Fig. 13.8.4 shows a Faster R-CNN model. Compared to Fast R-CNN, Faster R-CNN only changes the method for generating proposed regions from selective search to region proposal network. The other parts of the model remain unchanged. The detailed region proposal network computation process is described below:
We use a \(3\times 3\) convolutional layer with a padding of 1 to transform the CNN output and set the number of output channels to \(c\).

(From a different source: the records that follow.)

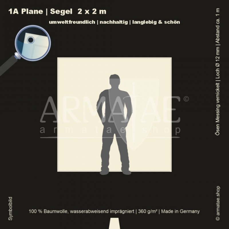 Schwere Sonnenschutz & Regenschutz Plane aus wasserabweisend imprägniertem 100 % Baumwollgewebe mit 360g/m². Für unzählige Einsatzbereiche, ob mobil oder für den Dauereinsatz fest montiert. Umlaufend gesäumt und mit rostfreien Ösen aus vernickeltem Messing mit einem Innendurchmesser von 12 mm im Abstand von 1 m von Hand gefertigt. 5 Jahre Garantie auf die äußerst robuste Verarbeitung.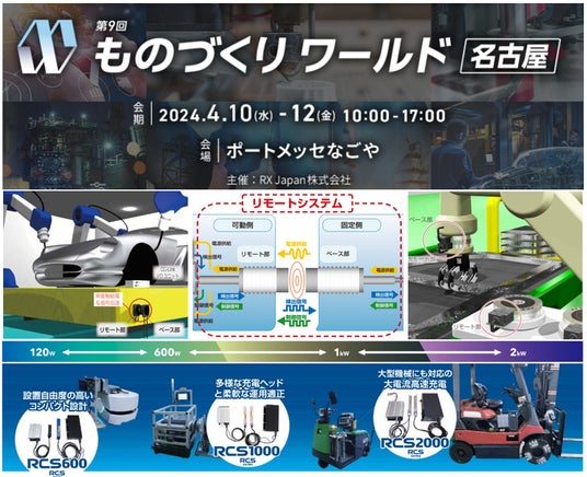 「製造」から「搬送」までと題し、製造工程での回転・着脱部等での電源/信号伝送用ワイヤレス給電システムの新商品展示や、AGV/AMR等へのバッテリーワイヤレス充電システムの新商品周辺装置関連の展示を致します。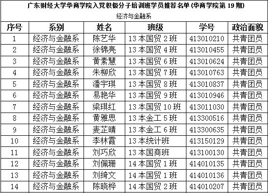 经团支部、学生组织推荐,系团总支审核,系党总支评议,现将我系本学期拟推荐参加学院第19期党校学习的入党积极分子审定结果公示如下: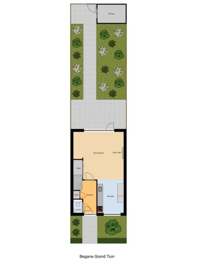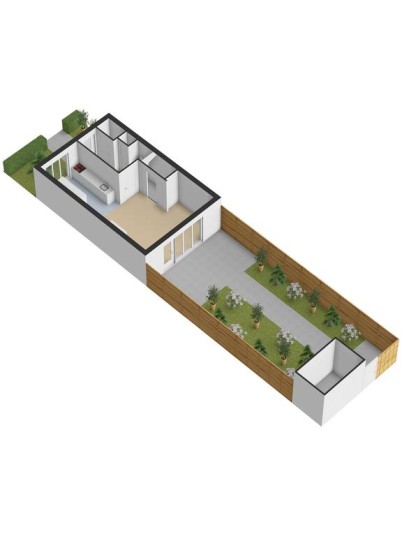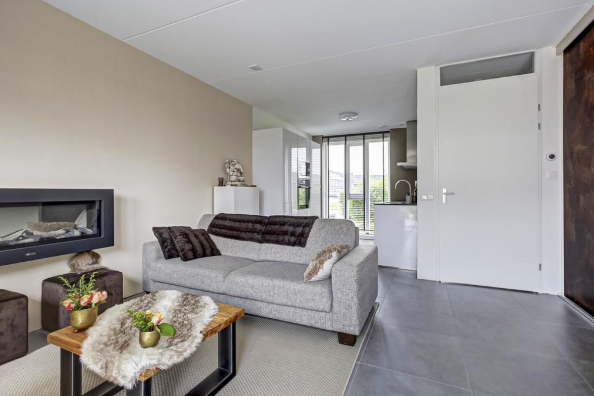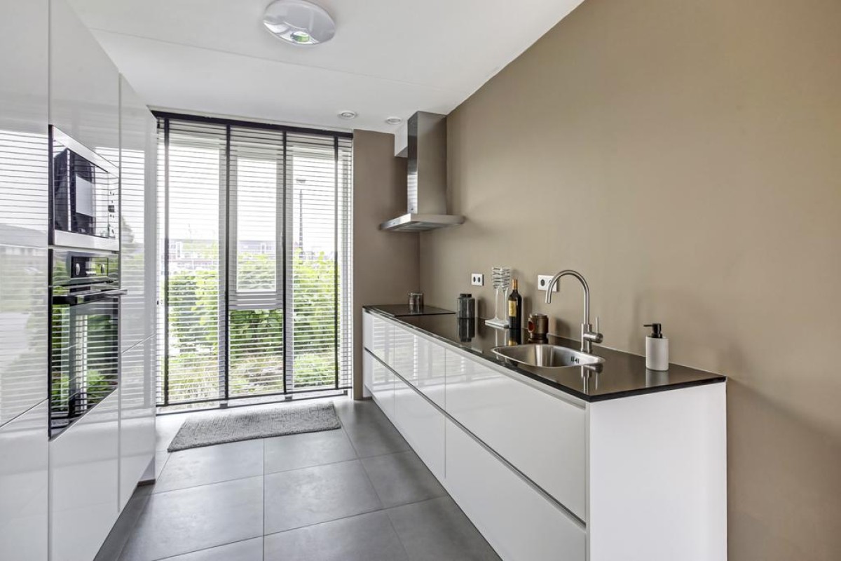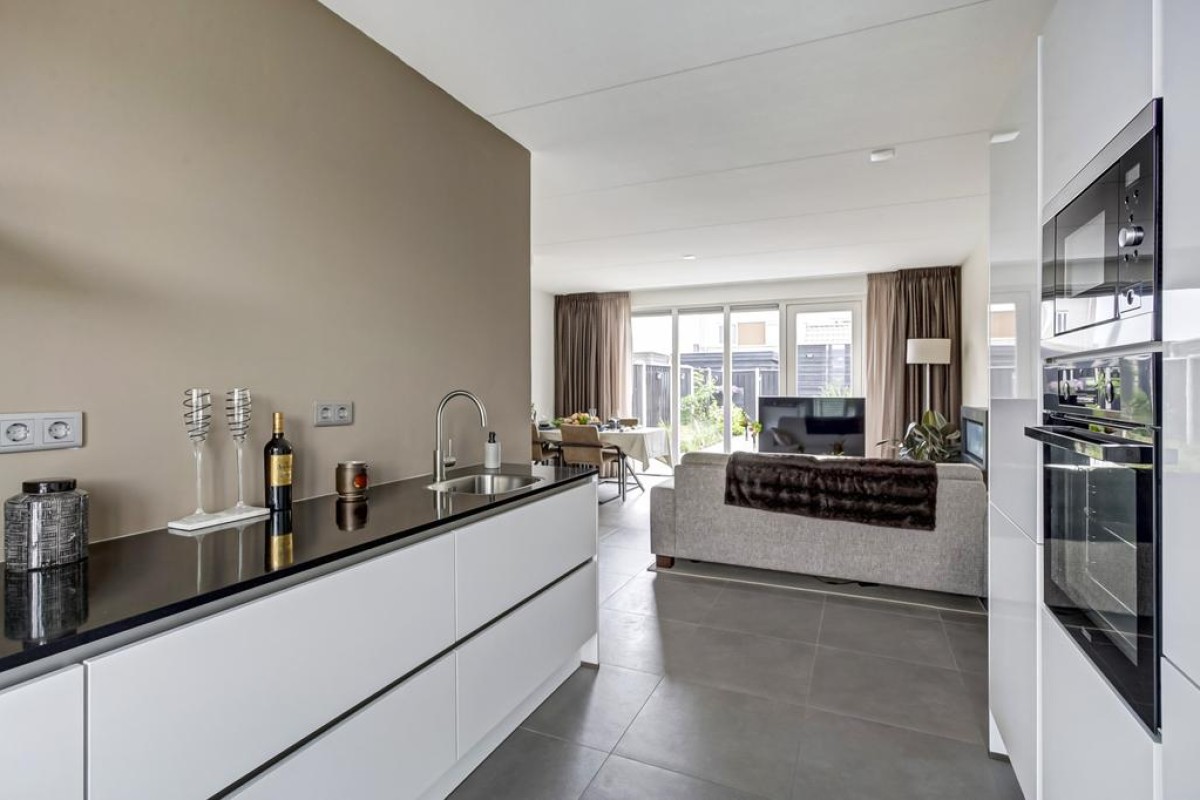 Lees verderDe moderne keuken is aan de voorzijde van de woning gesitueerd en voorzien van een ingebouwde koelkast, vrieskast, oven, magnetron, inductiekookplaat en afzuigkap. Na de zomer zal er een vaatwasser (inbouw) in de keuken worden ingebouwd. De woonkamer is tuingericht en heerlijk licht door de grote raampartijen. Vanuit de woonkamer is middels een loopdeur de achtertuin te betreden welke verzorgd en onderhoudsarm aangelegd is met o.a. een terras, een vrijstaande houten berging en een achterom met poort. De begane grondvloer is voorzien van een stenen vloer met vloerverwarming.

This way, each element in the feature map the CNN extracts from the image is a new feature with a length of \(c\).
We use each element in the feature map as a center to generate multiple anchor boxes of different sizes and aspect ratios and then label them.

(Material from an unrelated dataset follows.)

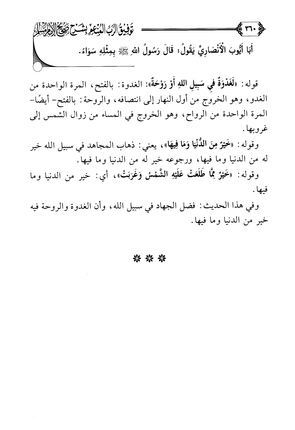 قوله: ((لَغَدْوَةٌ فِي سَبِيلِ اللهِ أَوْ رَوْحَةٌ)) الغدوة: بالفتح، المرة الواحدة من الغدو، وهو الخروج من أول النهار إلى انتصافه، والروحة: بالفتح- أيضًا- المرة الواحدة من الرواح، وهو الخروج في المساء من زوال الشمس إلى غروبها.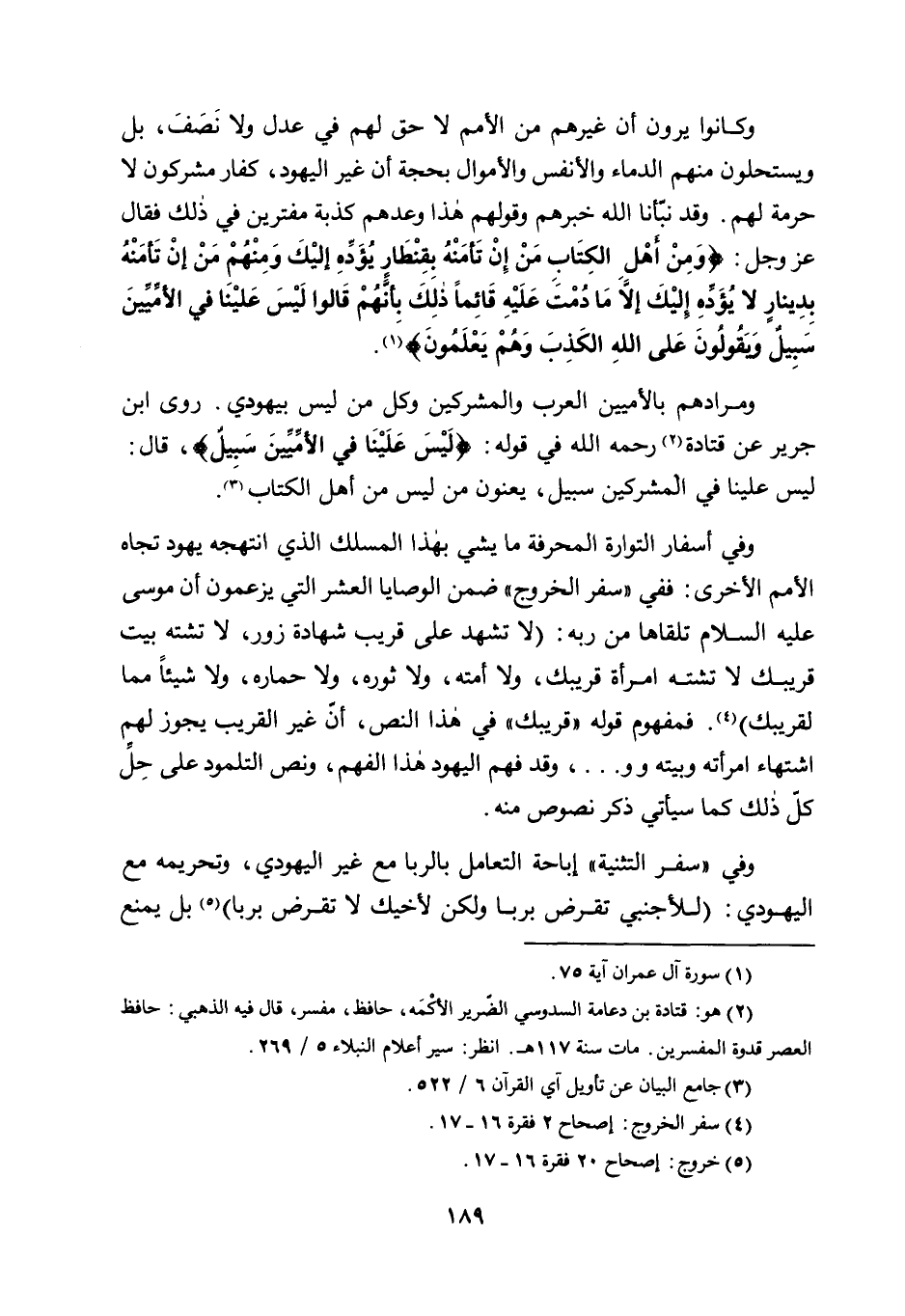 وفي "سفر التثنية" إباحة التعامل بالربا مع غير اليهودي، وتحريمه مع اليهودي: "للأجنبي تقرض بربا، ولكن لأخيك لا تقرض بربا"5؛ بل يمنع

We use the features of the elements of length \(c\) at the center on the anchor boxes to predict the binary category (object or background) and bounding box for their respective anchor boxes.

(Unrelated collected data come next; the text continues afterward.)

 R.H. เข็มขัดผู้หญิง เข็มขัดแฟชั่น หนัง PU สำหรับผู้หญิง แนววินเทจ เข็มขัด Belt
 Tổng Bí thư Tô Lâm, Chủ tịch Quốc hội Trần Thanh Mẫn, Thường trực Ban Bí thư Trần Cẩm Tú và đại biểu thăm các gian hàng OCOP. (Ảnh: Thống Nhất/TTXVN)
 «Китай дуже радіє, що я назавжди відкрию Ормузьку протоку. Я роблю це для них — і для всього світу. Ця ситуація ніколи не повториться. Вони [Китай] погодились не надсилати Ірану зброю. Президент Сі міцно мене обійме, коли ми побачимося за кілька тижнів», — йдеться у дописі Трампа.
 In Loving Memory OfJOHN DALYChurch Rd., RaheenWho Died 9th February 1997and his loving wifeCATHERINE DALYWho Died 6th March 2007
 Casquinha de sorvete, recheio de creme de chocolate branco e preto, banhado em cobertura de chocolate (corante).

Then, we use non-maximum suppression to remove similar bounding box results that correspond to category predictions of “object”. Finally, we output the predicted bounding boxes as the proposed regions required by the RoI pooling layer.
It is worth noting that, as a part of the Faster R-CNN model, the region proposal network is trained together with the rest of the model. In addition, the Faster R-CNN object functions include the category and bounding box predictions in object detection, as well as the binary category and bounding box predictions for the anchor boxes in the region proposal network. Finally, the region proposal network can learn how to generate high-quality proposed regions, which reduces the number of proposed regions while maintaining the precision of object detection.
13.8.4. Mask R-CNN¶
If training data is labeled with the pixel-level positions of each object in an image, a Mask R-CNN model can effectively use these detailed labels to further improve the precision of object detection.
As shown in Fig. 13.8.5, Mask R-CNN is a modification to the Faster R-CNN model. Mask R-CNN models replace the RoI pooling layer with an RoI alignment layer. This allows the use of bilinear interpolation to retain spatial information on feature maps, making Mask R-CNN better suited for pixel-level predictions. The RoI alignment layer outputs feature maps of the same shape for all RoIs. This not only predicts the categories and bounding boxes of RoIs, but allows us to use an additional fully convolutional network to predict the pixel-level positions of objects. We will describe how to use fully convolutional networks to predict pixel-level semantics in images later in this chapter.
An R-CNN model selects several proposed regions and uses a CNN to perform forward computation and extract the features from each proposed region. It then uses these features to predict the categories and bounding boxes of proposed regions.
Fast R-CNN improves on the R-CNN by only performing CNN forward computation on the image as a whole. It introduces an RoI pooling layer to extract features of the same shape from RoIs of different shapes.
Faster R-CNN replaces the selective search used in Fast R-CNN with a region proposal network. This reduces the number of proposed regions generated, while ensuring precise object detection.
Mask R-CNN uses the same basic structure as Faster R-CNN, but adds a fully convolution layer to help locate objects at the pixel level and further improve the precision of object detection.